In December 2025, following standout performances in her first five games at the club, Butrus extended her contract with Melbourne City through to 2027. She was particularly impactful in the club's three Champions League group stage matches in Vietnam, providing two goals and three assists, as well as performing an impressive rainbow flick.

==State career==
Butrus was selected to play for Victoria at the 2023 Emerging Matildas Championships in Wollongong, New South Wales. In Pool A, she scored goals in two consecutive matches against Queensland and the Australian Capital Territory, before scoring a glut (five goals) against Western Australia. She then scored once again in the semi-final against South Australia which sent Victoria to the final, where they were defeated by hosts New South Wales Metro at Wollongong Showground.

==International career==
Butrus has represented Australia for the under-17s (Junior Matildas), and has been called for the under-20s (Young Matildas).

Butrus was part of Rae Dower's 23-player squad at the 2024 AFC U-17 Women's Asian Cup.
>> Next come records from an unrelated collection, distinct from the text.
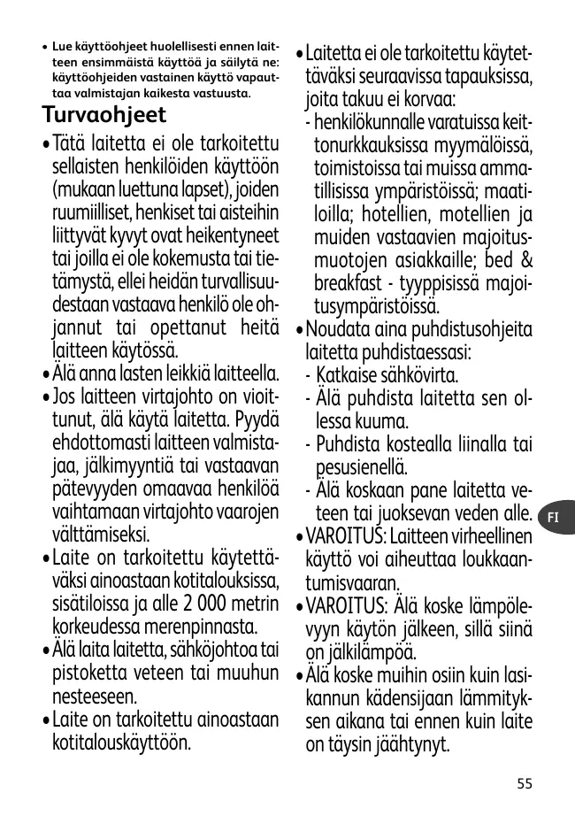 •Laitetta ei ole tarkoitettu käytettäväksi seuraavissa tapauksissa, joita takuu ei korvaa: - henkilökunnalle varatuissa keittonurkkauksissa myymälöissä, toimistoissa tai muissa ammatillisissa ympäristöissä; maatiloilla; hotellien, motellien ja muiden vastaavien majoitusmuotojen asiakkaille; bed & breakfast - tyyppisissä majoitusympäristöissä. •Noudata aina puhdistusohjeita laitetta puhdistaessasi: - Katkaise sähkövirta. - Älä puhdista laitetta sen ollessa kuuma. - Puhdista kostealla liinalla tai pesusienellä. - Älä koskaan pane laitetta veteen tai juoksevan veden alle. •VAROITUS: Laitteen virheellinen käyttö voi aiheuttaa loukkaantumisvaaran. •VAROITUS: Älä koske lämpölevyyn käytön jälkeen, sillä siinä on jälkilämpöä. •Älä koske muihin osiin kuin lasikannun kädensijaan lämmityksen aikana tai ennen kuin laite on täysin jäähtynyt. 55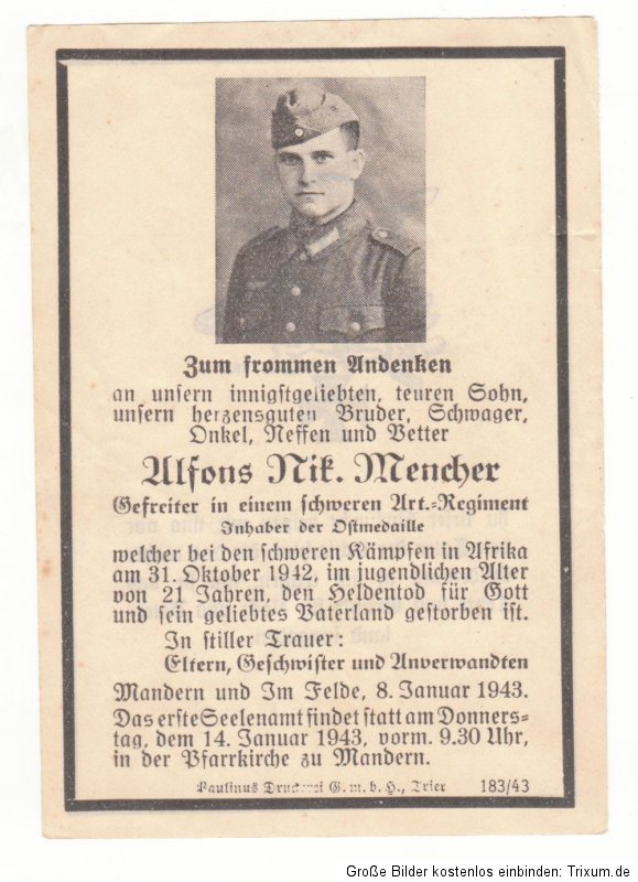Inhaber der Ostmedaille. Im jugendlichen Alter von 21 Jahren, den Heldentod für Gott und sein geliebtes Vaterland gestorben ist.
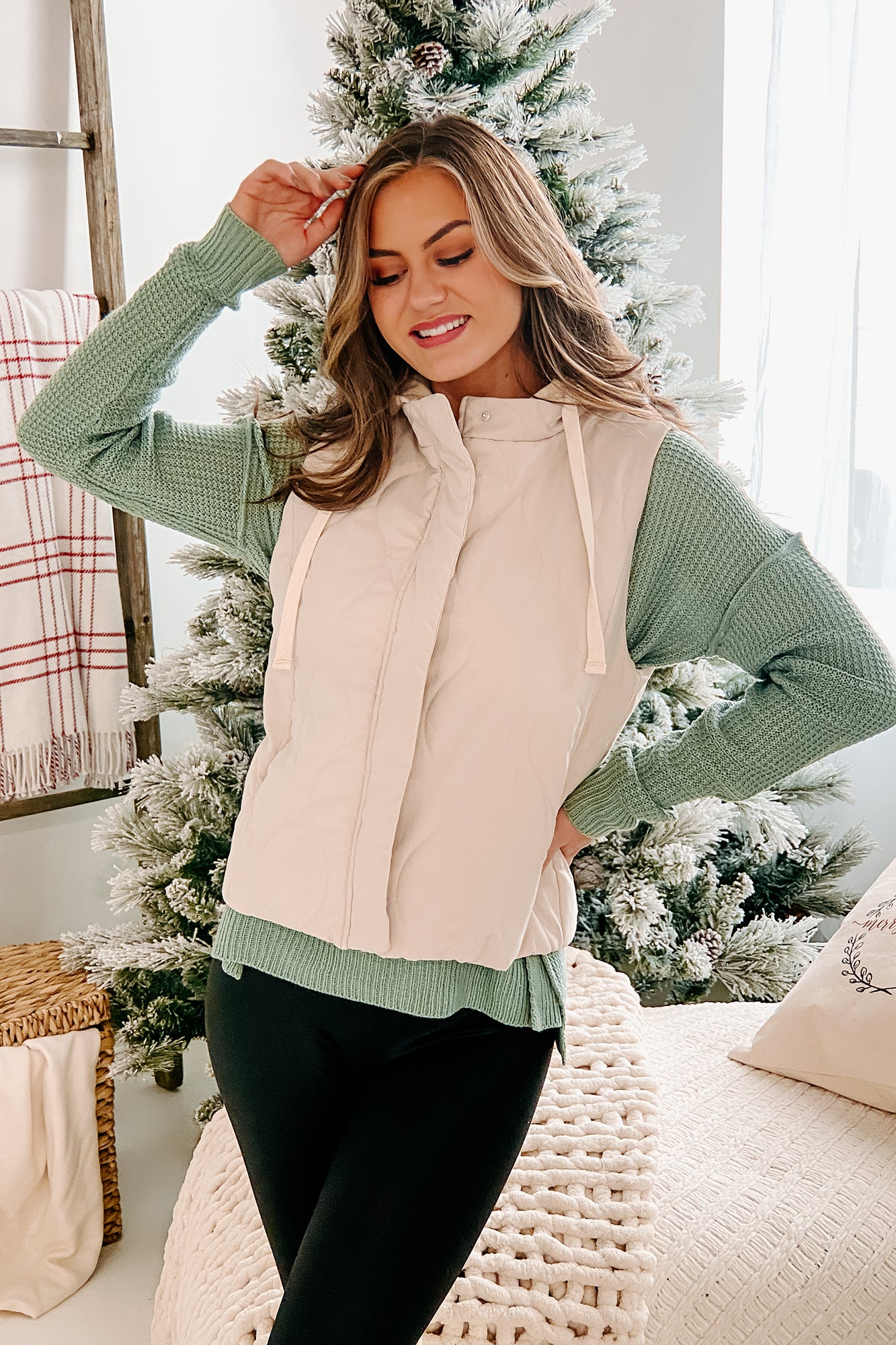 This Ecru. Hooded Puffer Vest Would Look So Cute Styled With A Long Sleeve Top. Leggings. Sneakers & A Ball Cap!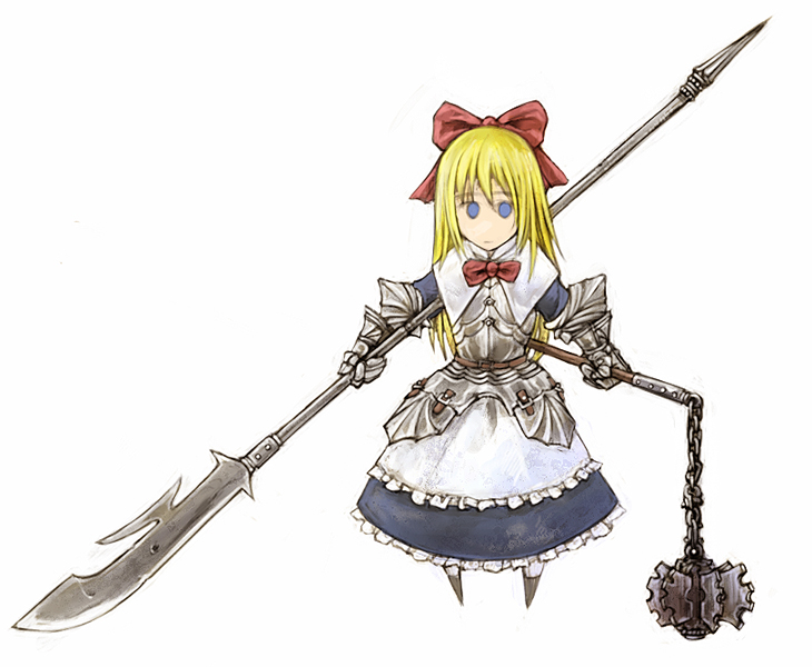 1girlarmorarmored dressball and chain (weapon)blonde hairblue eyesbowbowtiedressfemale focusflailhair ribbonpolearmribbonsoloweapon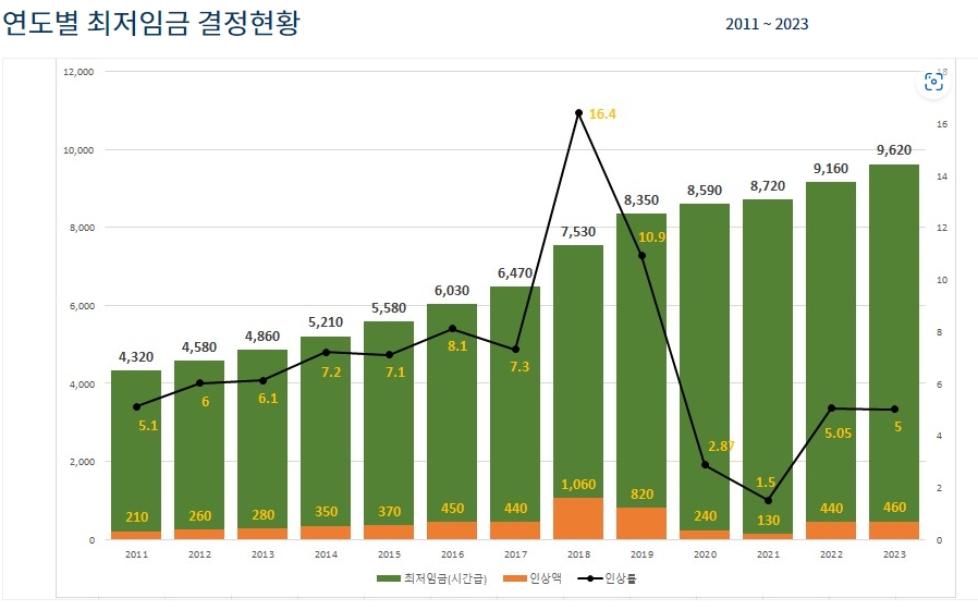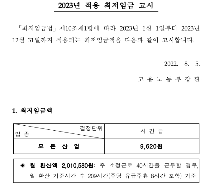 지난 8월 5일 고용노동부 장관이 발표한 2023년 최저임금 확정 금액은 월 209시간 기준 201만 580원입니다. 시급으로는 9,620원입니다. 2022년 197만 4,440원(시급 9,160원) 대비 5% 상승한 금액이며, '2022년 소비자물가상승률(4.5%)+경제성장률(2.7%)-취업자 증가율(2.2%)' 공식을 반영해 결정되었습니다. 이 공식에는 물가상승 및 경제성장으로 인한 외부요인은 노동자의 최저임금을 인상해야 하는 요인이고, 취업자 증가는 일을 할 사람이 많아진다는 것을 뜻하기 때문이 최저임금의 인하 요소가 된다는 원칙이 담겨 있습니다.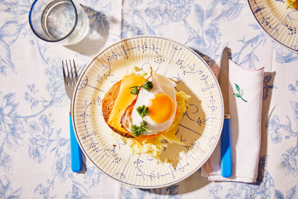 Burger végétarienne sur purée avec œuf au plat

The tournament was seen as a failure for the Junior Matildas, which finished last in their Group B.

Butrus was named for the Young Matildas in Alex Epakis' squad for a two-game friendly series against South Korea at the Australian Institute of Sport (AIS) in Canberra on 28 and 30 November 2025. However, she withdrew from the squad alongside Western Sydney Wanderers midfielder Talia Younis due to both having injuries.

Butrus was selected by Epakis as part of Australia's 23-player squad for the 2026 AFC U-20 Women's Asian Cup in Thailand.

==Personal life==
Butrus is of Assyrian descent and is a Syriac Christian.